Researchers discover evidence of 'cosmological coupling' in black holes, shedding light on dark energy

Physicists from the University of Michigan, in collaboration with researchers from the University of Hawaii and other international institutions, have made a groundbreaking discovery providing evidence for "cosmological coupling" in black holes. 

"We're really saying two things at once: that there's evidence the typical black hole solutions don't work for you on a long, long timescale, and we have the first proposed astrophysical source for dark energy," lead author Duncan Farrah, an astronomer from the University of Hawaii, said. "Black holes in Einstein's theory of gravity are the dark energy." 

Searching through extensive data spanning 9 billion years, a physicist from the University of Michigan, Gregory Tarlé, and a team of researchers from the University of Hawaii and multiple countries, have uncovered compelling evidence of "cosmological coupling" in black holes. This newly predicted phenomenon, derived from Einstein's theory of gravity, is only possible when black holes are situated within an evolving universe. The team's findings, detailed in two separate articles published in The Astrophysical Journal and The Astrophysical Journal Letters, provide crucial insights into the behavior of black holes and their connection to dark energy. In the first study, the researchers focused on supermassive black holes located at the centers of ancient and dormant galaxies. 

They discovered that these black holes gain mass over billions of years in a manner that cannot be easily explained by conventional processes like mergers or gas accretion. The second paper delves deeper into the growth of these black holes and demonstrates how their mass aligns with predictions for black holes that exhibit cosmological coupling and enclose vacuum energy. Vacuum energy is a material resulting from the compression of matter to the point of not breaking Einstein's equations, effectively avoiding a singularity.

This groundbreaking research challenges our existing understanding of black holes and their behavior.
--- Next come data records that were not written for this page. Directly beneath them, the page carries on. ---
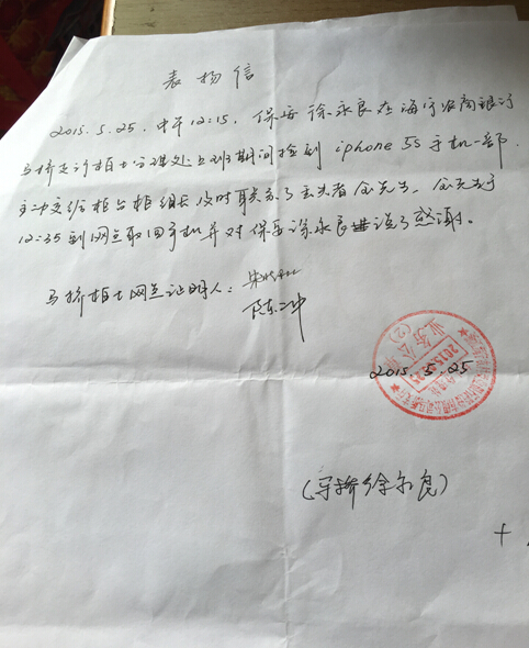2015年5月25日中午12點25分左右,在海寧農(nóng)商銀行馬橋支行柏士分理處上班的保安員徐永良在執(zhí)勤期間撿到一臺蘋果5S手機(jī),他主動交給柜臺組長,并及時聯(lián)系到了失主,失主在當(dāng)天12點35就來到網(wǎng)點取回手機(jī),并對徐永良的拾金不昧表示了感謝。
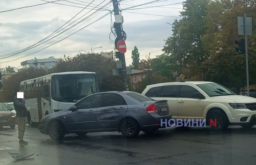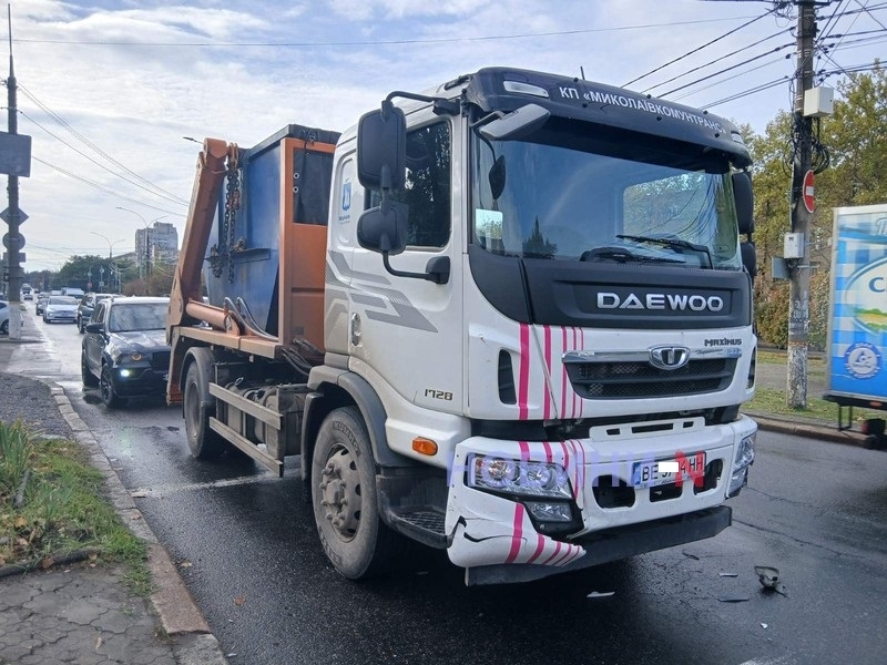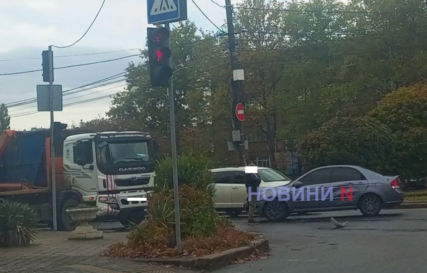 Утром в субботу, 18 октября, на перекрестке ул. Садовой и 68 Десантников столкнулся мусоровоз КП «Николаевкоммунтранса» Daewoo и легковой автомобиль «Киа».
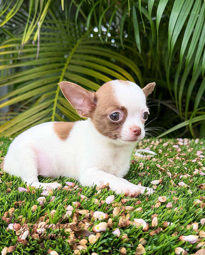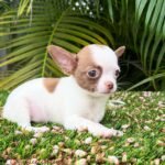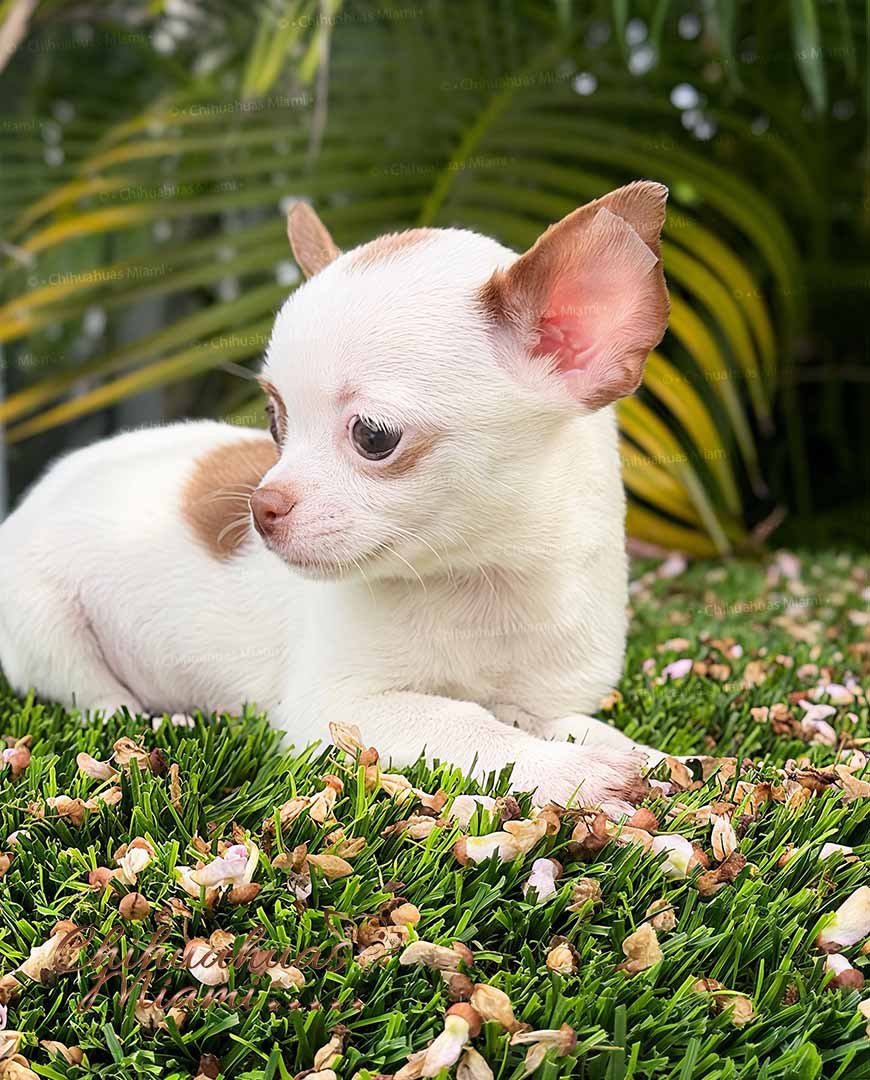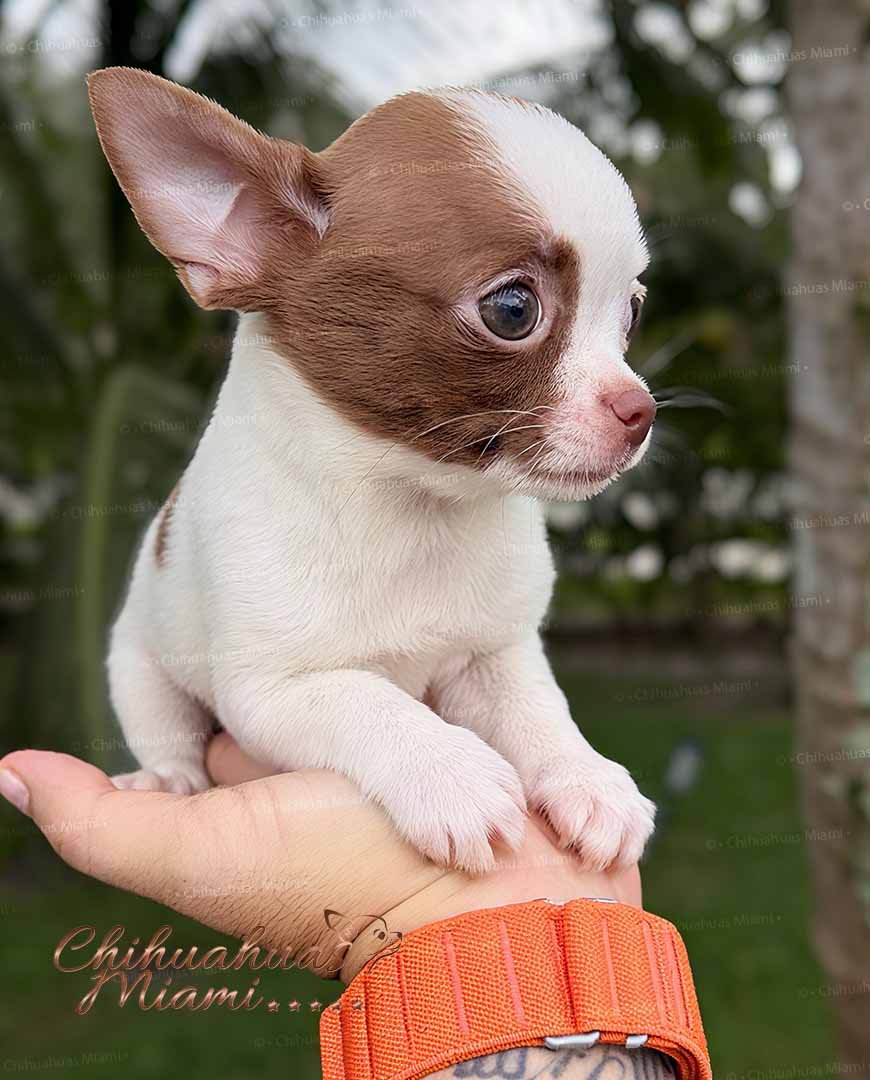 I’m a tiny short-haired chocolate & white Chihuahua girl, so small I can literally fit in the palm of your hand. I have big round eyes, a perfect apple-head profile, and a calm, loving personality that makes everyone melt the moment they hold me. I was born to be carried, cuddled, and adored.
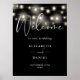 This elegant black and white wedding welcome sign, featuring pretty string lights, can be personalized with your information in chic typography. Designed by Thisisnotme©
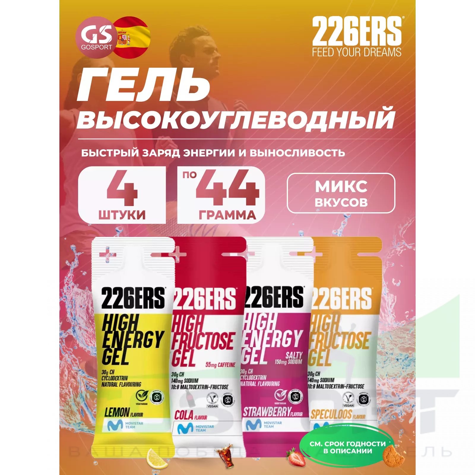 226ERS High Energy Gel + sodium 150 mg 4 x 44 г, Микс 15 — Быстрый заряд энергии и выносливость
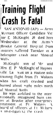 A/C crashed about 8 miles N of Mineral Wells while on a routine solo training flight from Ft Wolters. McKnight died 2 days later. |
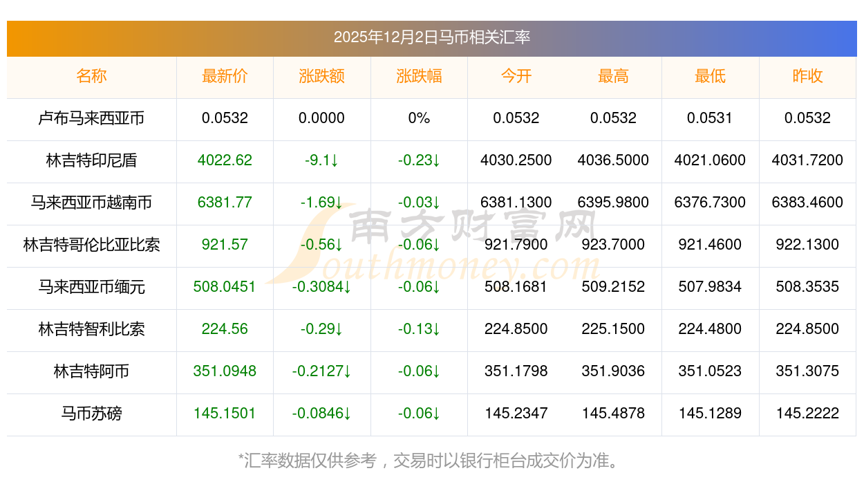 2025年12月2日马币相关汇率查询

The study aimed to find observational evidence supporting a model for black holes that remains consistent regardless of the timescale. However, observing black holes over billions of years presents significant challenges due to their small size, distance, and limited observation timescales. The team realized that examining galaxies, which can have lifespans of billions of years and often contain supermassive black holes, held the key to understanding black hole evolution. 

The researchers focused on passively evolving elliptical galaxies, which are ancient and do not form many new stars. These galaxies were chosen because they contain trillions of old stars and very little gas, making them ideal candidates to study the mass changes in their central black holes. By observing only these galaxies, the team could argue that any variations in black hole masses could not be easily attributed to known processes. They then examined how the mass of the central black holes in these galaxies changed over the past 9 billion years.

The results revealed a significant trend: The black holes' masses were smaller in the past compared to their current sizes. In fact, the black holes today are 7 to 20 times larger than they were 9 billion years ago. These substantial changes supported the notion of cosmological coupling as the underlying cause. In the second study, the team delved deeper into the concept of cosmological coupling. They compared five different populations of black holes in three collections of elliptical galaxies, representing different stages of the universe's size. 

The measurements indicated that a variable called the coupling strength, denoted as k, was approximately positive 3. This value aligns with a prediction made four years prior by University of Hawaii astrophysicist Kevin Croker and mathematician Joel Weiner, suggesting that black holes containing vacuum energy contribute to a nearly constant dark energy density. The implications of these findings are profound. If the cosmological coupling theory is confirmed, it would mean that black holes continuously influence the universe's evolution and contribute significantly to dark energy. By accounting for the rate of earliest star formation, the researchers estimate that the black holes' growth over time could explain up to 70% of the energy in the universe today.

 "The question of the nature of dark energy is perhaps the most important unanswered question in contemporary physics" Gregory Tarlé said. "It's the majority, 70% of the energy of the universe. And now we finally have observational evidence of where it comes from, why 70%, and why it's here now. It's very exciting!" 

This groundbreaking research not only enhances our understanding of black holes but also provides a framework for further investigation by theoretical physicists and astronomers. Current and upcoming dark energy experiments, such as the Dark Energy Spectroscopic Instrument and the Dark Energy Survey, hold the potential to shed more light on this fascinating phenomenon. If confirmed, cosmological coupling could fundamentally transform our comprehension of the universe's evolution and the role black holes play within it.